## [EXERCISE REQUIREMENTS]
Give the listing again exactly, skipping any pictures it holds.

*** PROVIDED DATA ***

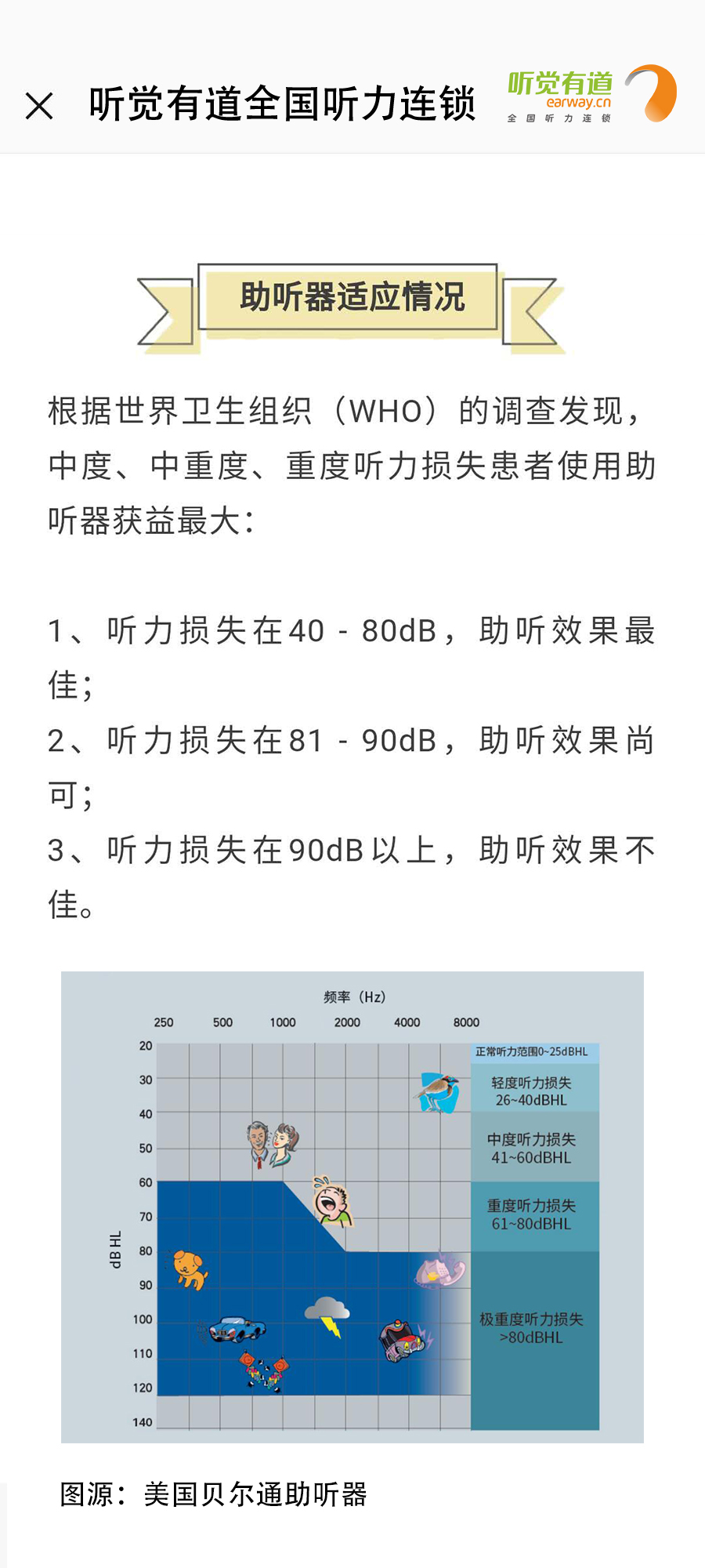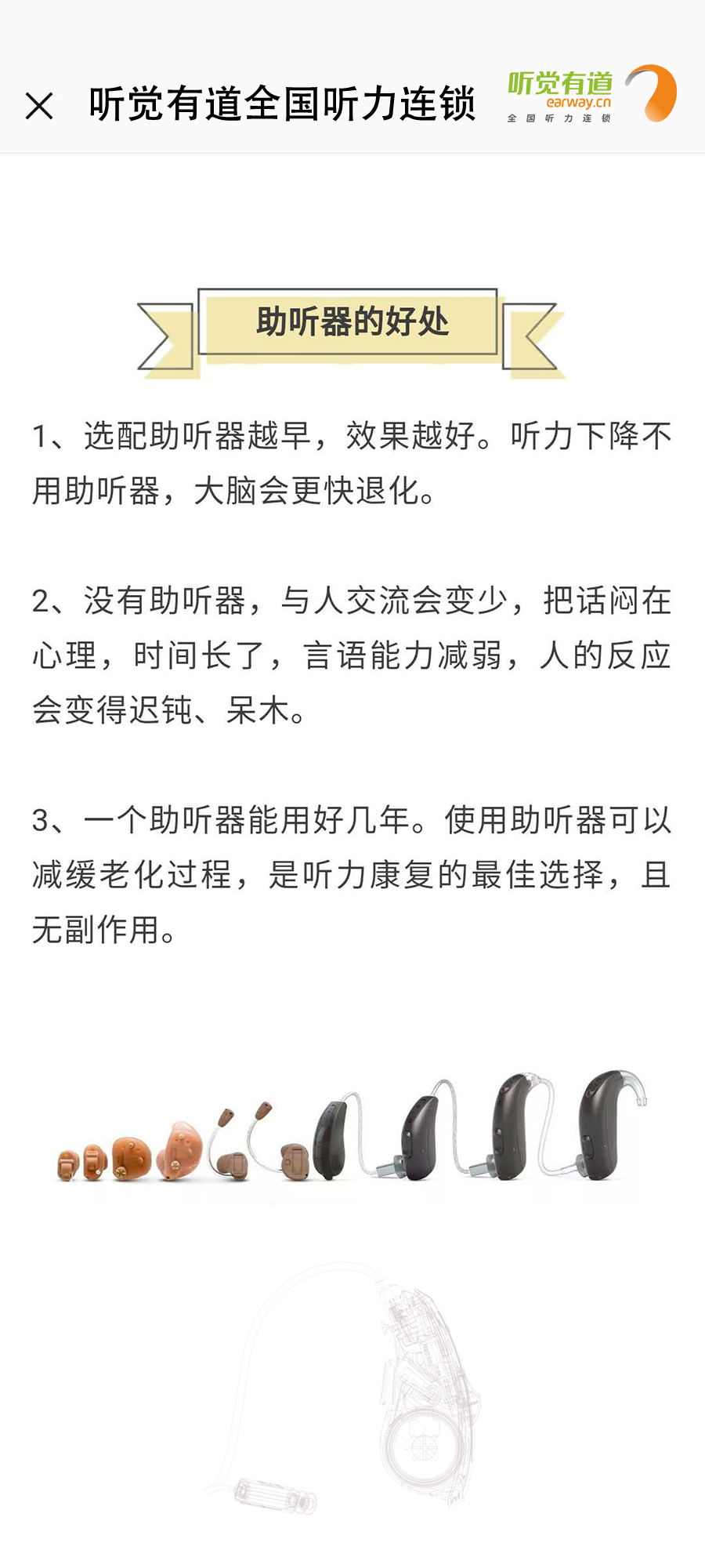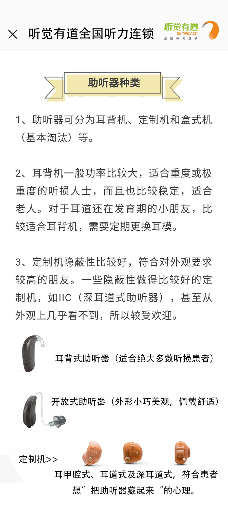 什么是助聽器?長什么樣子?有什么作用?如何使用?這里一一告訴您!</p><p> 助聽器是聽力障礙者使用的輔具,用來補足聽力損傷所造成的缺陷。廣義上講凡能有效地把聲音傳入耳朵的各種裝置都可以看作為助聽器,狹義上講助聽器是一個電聲放大器,通過它將聲音放大,使聽障者聽到了原來聽不清楚、聽不到的聲音。</p><p> 第一:助聽器的種類</p><p style="text-align: center;"><img src="/upfiles/201901180318143583.jpg" width="640" alt="" /><br /></p><p> 第二:助聽器的好處</p><p style="text-align: center;"><img src="/upfiles/201901180318334139.png" width="640" alt="" /><br /></p><p> 第三:如何適應助聽器</p><p style="text-align: center;"><img src="/upfiles/201901180318506440.jpg" width="640" alt="" /><br /></p><p> 第四:選配助聽器流程</p><p style="text-align: center;"><img src="/upfiles/201901180319039646.jpg" width="640" alt="" /><br /></p><p style="text-align: center;"><br /></p><p> 更多詳情請登錄m.sdhuijia.cn</p>" />
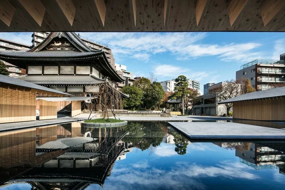 這座寺廟位於東京白金台車站,是禪宗分支 Obaku Sect在東京的第一座寺廟。寺廟請來了建築師隈研吾,來重建寺廟內僧人的住所。建築師保留了原本從寺廟儲存庫延伸出來的軸線,在軸線的南側設計了一個U形的迴廊和禪院。庭院的中央是一個水池,在水池中有一個舞台,方便了人們在這裡舉辦寺廟活動。
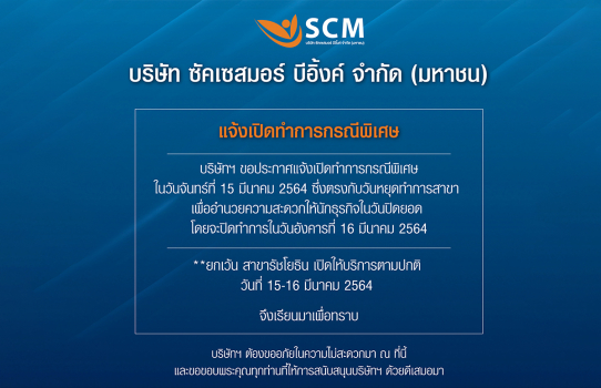 บริษัทฯ ขอประกาศแจ้งเปิดทำการกรณีพิเศษในวันจันทร์ที่ 15 มีนาคม 2564 ซึ่งตรงกับวันหยุดทำการสาขา
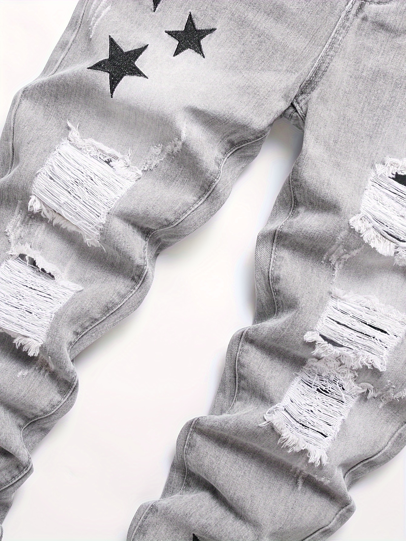Upgrade Your Denim Game With These Men's Star Embroidered Slim Fit Jeans. Designed For The Fashion-conscious Man, These Jeans Feature Unique Embroidery Of Stars That Add A Touch Of Elegance And Retro Vibe To The Distressed, Ripped Skinny Jeans.
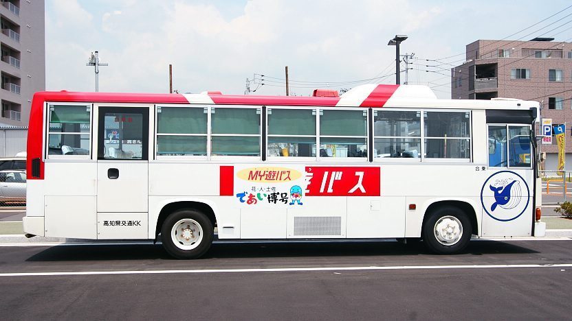 Tosaden also operates buses that provide access to Katsurahama Beach. Furthermore, there is the My Yu Bus, a bus line for tourists, which connects central Kochi with Godaisan and Katsurahama roughly hourly. The cost is 900 yen for a day of unlimited rides between Kochi Station and Godaisan, and 1300 yen for a day of unlimited rides between Kochi Station and Katsurahama.
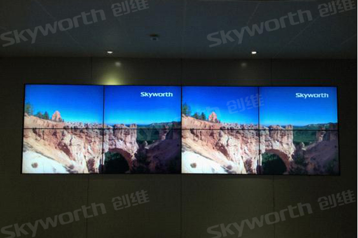 創維群欣憑借豐富的金融領域應用案例,優質的產品和良好的售后服務贏得了專家組與甲方客戶的一致好評,順利入圍。創維群欣本次提供了46寸2×4超窄邊液晶拼接系統,根據用戶的實際場地,采用了前維護的安裝方式。
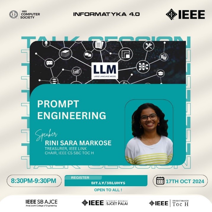 On 17th October 2024, IEEE SBC CS SJCET hosted an insightful online session titled Prompt Engineering, featuring Ms. Rini Sara Markose, a distinguished expert in Natural Language Processing (NLP) and AI systems. With her extensive knowledge in the field, Ms. Markose delved into the intricacies of prompt engineering, offering valuable insights into its applications and impact on modern AI-driven technologies. The session provided participants with a deeper understanding of how prompt engineering plays a pivotal role in enhancing the efficiency and accuracy of AI models.
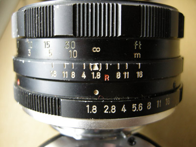 磨く前にマスキングテープを張って、差込口のマーキングをコピーしておきました。溶剤で磨くとヘリコイド上に書いた黒マジックのマーキングが消えるため。

*** End of PROVIDED DATA ***

## [EXPECTED ANSWER]
 什么是助聽器?長什么樣子?有什么作用?如何使用?這里一一告訴您!</p><p> 助聽器是聽力障礙者使用的輔具,用來補足聽力損傷所造成的缺陷。廣義上講凡能有效地把聲音傳入耳朵的各種裝置都可以看作為助聽器,狹義上講助聽器是一個電聲放大器,通過它將聲音放大,使聽障者聽到了原來聽不清楚、聽不到的聲音。</p><p> 第一:助聽器的種類</p><p style="text-align: center;"><img src="/upfiles/201901180318143583.jpg" width="640" alt="" /><br /></p><p> 第二:助聽器的好處</p><p style="text-align: center;"><img src="/upfiles/201901180318334139.png" width="640" alt="" /><br /></p><p> 第三:如何適應助聽器</p><p style="text-align: center;"><img src="/upfiles/201901180318506440.jpg" width="640" alt="" /><br /></p><p> 第四:選配助聽器流程</p><p style="text-align: center;"><img src="/upfiles/201901180319039646.jpg" width="640" alt="" /><br /></p><p style="text-align: center;"><br /></p><p> 更多詳情請登錄m.sdhuijia.cn</p>" />
 這座寺廟位於東京白金台車站,是禪宗分支 Obaku Sect在東京的第一座寺廟。寺廟請來了建築師隈研吾,來重建寺廟內僧人的住所。建築師保留了原本從寺廟儲存庫延伸出來的軸線,在軸線的南側設計了一個U形的迴廊和禪院。庭院的中央是一個水池,在水池中有一個舞台,方便了人們在這裡舉辦寺廟活動。
 บริษัทฯ ขอประกาศแจ้งเปิดทำการกรณีพิเศษในวันจันทร์ที่ 15 มีนาคม 2564 ซึ่งตรงกับวันหยุดทำการสาขา
Upgrade Your Denim Game With These Men's Star Embroidered Slim Fit Jeans. Designed For The Fashion-conscious Man, These Jeans Feature Unique Embroidery Of Stars That Add A Touch Of Elegance And Retro Vibe To The Distressed, Ripped Skinny Jeans.
 Tosaden also operates buses that provide access to Katsurahama Beach. Furthermore, there is the My Yu Bus, a bus line for tourists, which connects central Kochi with Godaisan and Katsurahama roughly hourly. The cost is 900 yen for a day of unlimited rides between Kochi Station and Godaisan, and 1300 yen for a day of unlimited rides between Kochi Station and Katsurahama.
 創維群欣憑借豐富的金融領域應用案例,優質的產品和良好的售后服務贏得了專家組與甲方客戶的一致好評,順利入圍。創維群欣本次提供了46寸2×4超窄邊液晶拼接系統,根據用戶的實際場地,采用了前維護的安裝方式。
 On 17th October 2024, IEEE SBC CS SJCET hosted an insightful online session titled Prompt Engineering, featuring Ms. Rini Sara Markose, a distinguished expert in Natural Language Processing (NLP) and AI systems. With her extensive knowledge in the field, Ms. Markose delved into the intricacies of prompt engineering, offering valuable insights into its applications and impact on modern AI-driven technologies. The session provided participants with a deeper understanding of how prompt engineering plays a pivotal role in enhancing the efficiency and accuracy of AI models.
 磨く前にマスキングテープを張って、差込口のマーキングをコピーしておきました。溶剤で磨くとヘリコイド上に書いた黒マジックのマーキングが消えるため。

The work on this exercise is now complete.